### Records drawn from a dataset

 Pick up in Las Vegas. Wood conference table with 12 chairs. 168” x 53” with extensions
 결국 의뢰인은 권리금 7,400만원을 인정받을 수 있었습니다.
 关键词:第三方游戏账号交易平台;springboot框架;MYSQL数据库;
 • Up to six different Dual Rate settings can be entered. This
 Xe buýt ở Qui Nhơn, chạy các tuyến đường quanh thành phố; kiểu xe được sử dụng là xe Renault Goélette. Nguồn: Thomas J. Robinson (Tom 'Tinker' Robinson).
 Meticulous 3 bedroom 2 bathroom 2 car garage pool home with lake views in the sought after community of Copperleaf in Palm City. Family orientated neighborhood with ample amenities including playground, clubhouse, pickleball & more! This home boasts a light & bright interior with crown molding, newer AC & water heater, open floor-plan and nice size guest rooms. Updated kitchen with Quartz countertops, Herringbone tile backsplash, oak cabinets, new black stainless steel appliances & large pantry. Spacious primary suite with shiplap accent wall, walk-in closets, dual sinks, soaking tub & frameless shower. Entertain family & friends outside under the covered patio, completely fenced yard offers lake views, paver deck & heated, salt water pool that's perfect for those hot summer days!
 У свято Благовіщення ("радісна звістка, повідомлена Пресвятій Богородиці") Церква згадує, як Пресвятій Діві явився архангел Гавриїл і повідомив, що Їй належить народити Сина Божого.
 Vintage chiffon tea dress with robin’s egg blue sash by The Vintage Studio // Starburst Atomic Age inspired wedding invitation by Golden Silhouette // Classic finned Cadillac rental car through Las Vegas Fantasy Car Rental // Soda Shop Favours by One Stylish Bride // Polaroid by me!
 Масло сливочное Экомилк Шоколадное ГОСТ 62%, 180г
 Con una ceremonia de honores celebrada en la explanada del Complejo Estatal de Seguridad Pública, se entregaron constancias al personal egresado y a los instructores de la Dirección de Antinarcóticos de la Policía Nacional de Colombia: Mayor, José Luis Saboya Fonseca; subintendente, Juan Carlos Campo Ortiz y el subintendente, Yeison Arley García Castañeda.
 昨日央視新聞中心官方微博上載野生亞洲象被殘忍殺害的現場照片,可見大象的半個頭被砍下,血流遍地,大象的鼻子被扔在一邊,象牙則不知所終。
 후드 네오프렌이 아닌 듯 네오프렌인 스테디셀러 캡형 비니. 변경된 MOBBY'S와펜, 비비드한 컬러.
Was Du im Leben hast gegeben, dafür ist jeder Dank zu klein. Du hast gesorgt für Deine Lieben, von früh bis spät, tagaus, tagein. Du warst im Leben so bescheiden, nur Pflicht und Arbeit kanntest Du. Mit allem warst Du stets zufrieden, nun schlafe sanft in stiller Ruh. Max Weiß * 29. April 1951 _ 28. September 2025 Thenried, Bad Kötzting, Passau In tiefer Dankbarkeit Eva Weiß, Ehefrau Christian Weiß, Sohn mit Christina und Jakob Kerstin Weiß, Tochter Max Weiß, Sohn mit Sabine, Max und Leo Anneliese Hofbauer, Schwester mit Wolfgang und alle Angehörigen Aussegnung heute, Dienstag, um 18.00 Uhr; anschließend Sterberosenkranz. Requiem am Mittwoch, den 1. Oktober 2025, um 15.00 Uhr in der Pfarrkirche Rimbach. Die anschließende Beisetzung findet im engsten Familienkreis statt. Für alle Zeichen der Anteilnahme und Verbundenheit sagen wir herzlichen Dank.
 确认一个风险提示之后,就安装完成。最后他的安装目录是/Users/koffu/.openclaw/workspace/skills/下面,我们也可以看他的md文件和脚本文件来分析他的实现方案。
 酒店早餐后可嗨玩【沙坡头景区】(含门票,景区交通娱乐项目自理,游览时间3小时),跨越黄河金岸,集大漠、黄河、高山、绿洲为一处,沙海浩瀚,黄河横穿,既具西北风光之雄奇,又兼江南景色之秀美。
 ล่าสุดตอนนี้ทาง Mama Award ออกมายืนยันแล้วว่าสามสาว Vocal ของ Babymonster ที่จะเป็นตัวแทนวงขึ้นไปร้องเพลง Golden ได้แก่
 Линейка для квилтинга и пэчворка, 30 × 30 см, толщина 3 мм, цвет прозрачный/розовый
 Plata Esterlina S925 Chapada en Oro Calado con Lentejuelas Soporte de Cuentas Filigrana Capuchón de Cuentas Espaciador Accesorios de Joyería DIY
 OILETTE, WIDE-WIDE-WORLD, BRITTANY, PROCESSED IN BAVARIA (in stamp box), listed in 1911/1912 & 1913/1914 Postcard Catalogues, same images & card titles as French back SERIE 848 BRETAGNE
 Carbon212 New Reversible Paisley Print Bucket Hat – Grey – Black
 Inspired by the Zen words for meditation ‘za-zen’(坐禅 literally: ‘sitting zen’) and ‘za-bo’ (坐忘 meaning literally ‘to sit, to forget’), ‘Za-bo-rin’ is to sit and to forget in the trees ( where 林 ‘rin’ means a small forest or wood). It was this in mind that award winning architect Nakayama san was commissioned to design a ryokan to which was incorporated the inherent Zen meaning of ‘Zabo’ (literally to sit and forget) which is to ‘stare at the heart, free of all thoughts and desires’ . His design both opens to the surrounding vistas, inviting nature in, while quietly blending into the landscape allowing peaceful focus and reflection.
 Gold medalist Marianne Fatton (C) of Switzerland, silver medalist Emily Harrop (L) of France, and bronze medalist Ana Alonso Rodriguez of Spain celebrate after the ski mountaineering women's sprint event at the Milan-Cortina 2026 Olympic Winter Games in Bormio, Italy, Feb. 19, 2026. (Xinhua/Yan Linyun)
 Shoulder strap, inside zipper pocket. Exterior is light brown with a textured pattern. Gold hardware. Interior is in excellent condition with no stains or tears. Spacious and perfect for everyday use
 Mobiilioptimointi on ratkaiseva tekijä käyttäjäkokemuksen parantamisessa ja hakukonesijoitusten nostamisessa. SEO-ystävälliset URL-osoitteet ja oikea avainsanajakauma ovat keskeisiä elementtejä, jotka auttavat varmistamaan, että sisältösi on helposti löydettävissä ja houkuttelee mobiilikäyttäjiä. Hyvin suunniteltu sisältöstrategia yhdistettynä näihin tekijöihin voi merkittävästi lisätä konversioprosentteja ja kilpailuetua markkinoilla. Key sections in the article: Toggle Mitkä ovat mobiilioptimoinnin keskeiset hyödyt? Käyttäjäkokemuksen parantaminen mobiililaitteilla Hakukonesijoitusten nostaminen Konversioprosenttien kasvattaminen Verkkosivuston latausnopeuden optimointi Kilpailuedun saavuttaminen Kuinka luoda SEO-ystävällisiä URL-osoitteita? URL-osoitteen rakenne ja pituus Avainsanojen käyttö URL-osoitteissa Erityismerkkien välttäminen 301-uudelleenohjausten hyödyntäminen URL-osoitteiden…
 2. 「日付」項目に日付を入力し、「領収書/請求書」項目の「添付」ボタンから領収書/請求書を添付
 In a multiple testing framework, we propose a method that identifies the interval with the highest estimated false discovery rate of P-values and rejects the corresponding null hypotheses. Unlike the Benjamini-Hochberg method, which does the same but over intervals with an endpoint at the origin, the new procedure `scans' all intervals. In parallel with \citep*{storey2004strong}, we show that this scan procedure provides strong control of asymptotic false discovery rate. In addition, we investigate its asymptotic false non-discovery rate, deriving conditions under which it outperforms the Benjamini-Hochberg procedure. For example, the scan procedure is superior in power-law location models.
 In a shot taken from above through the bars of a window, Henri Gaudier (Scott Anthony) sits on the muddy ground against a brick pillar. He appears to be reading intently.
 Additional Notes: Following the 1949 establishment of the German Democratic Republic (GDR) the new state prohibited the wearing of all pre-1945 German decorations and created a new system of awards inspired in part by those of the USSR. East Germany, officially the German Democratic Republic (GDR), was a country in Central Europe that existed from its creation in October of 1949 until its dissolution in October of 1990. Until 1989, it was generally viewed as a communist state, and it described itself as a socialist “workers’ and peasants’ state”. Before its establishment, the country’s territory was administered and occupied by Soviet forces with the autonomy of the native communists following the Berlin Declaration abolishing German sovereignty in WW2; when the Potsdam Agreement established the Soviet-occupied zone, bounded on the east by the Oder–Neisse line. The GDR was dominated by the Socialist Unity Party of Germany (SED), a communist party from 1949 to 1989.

### About this task
Return word for word the lines above from the line with "Plata Esterlina S925" to the line with "Shoulder strap, inside", including both and leaving out all others.

### Completed task
 Plata Esterlina S925 Chapada en Oro Calado con Lentejuelas Soporte de Cuentas Filigrana Capuchón de Cuentas Espaciador Accesorios de Joyería DIY
 OILETTE, WIDE-WIDE-WORLD, BRITTANY, PROCESSED IN BAVARIA (in stamp box), listed in 1911/1912 & 1913/1914 Postcard Catalogues, same images & card titles as French back SERIE 848 BRETAGNE
 Carbon212 New Reversible Paisley Print Bucket Hat – Grey – Black
 Inspired by the Zen words for meditation ‘za-zen’(坐禅 literally: ‘sitting zen’) and ‘za-bo’ (坐忘 meaning literally ‘to sit, to forget’), ‘Za-bo-rin’ is to sit and to forget in the trees ( where 林 ‘rin’ means a small forest or wood). It was this in mind that award winning architect Nakayama san was commissioned to design a ryokan to which was incorporated the inherent Zen meaning of ‘Zabo’ (literally to sit and forget) which is to ‘stare at the heart, free of all thoughts and desires’ . His design both opens to the surrounding vistas, inviting nature in, while quietly blending into the landscape allowing peaceful focus and reflection.
 Gold medalist Marianne Fatton (C) of Switzerland, silver medalist Emily Harrop (L) of France, and bronze medalist Ana Alonso Rodriguez of Spain celebrate after the ski mountaineering women's sprint event at the Milan-Cortina 2026 Olympic Winter Games in Bormio, Italy, Feb. 19, 2026. (Xinhua/Yan Linyun)
 Shoulder strap, inside zipper pocket. Exterior is light brown with a textured pattern. Gold hardware. Interior is in excellent condition with no stains or tears. Spacious and perfect for everyday use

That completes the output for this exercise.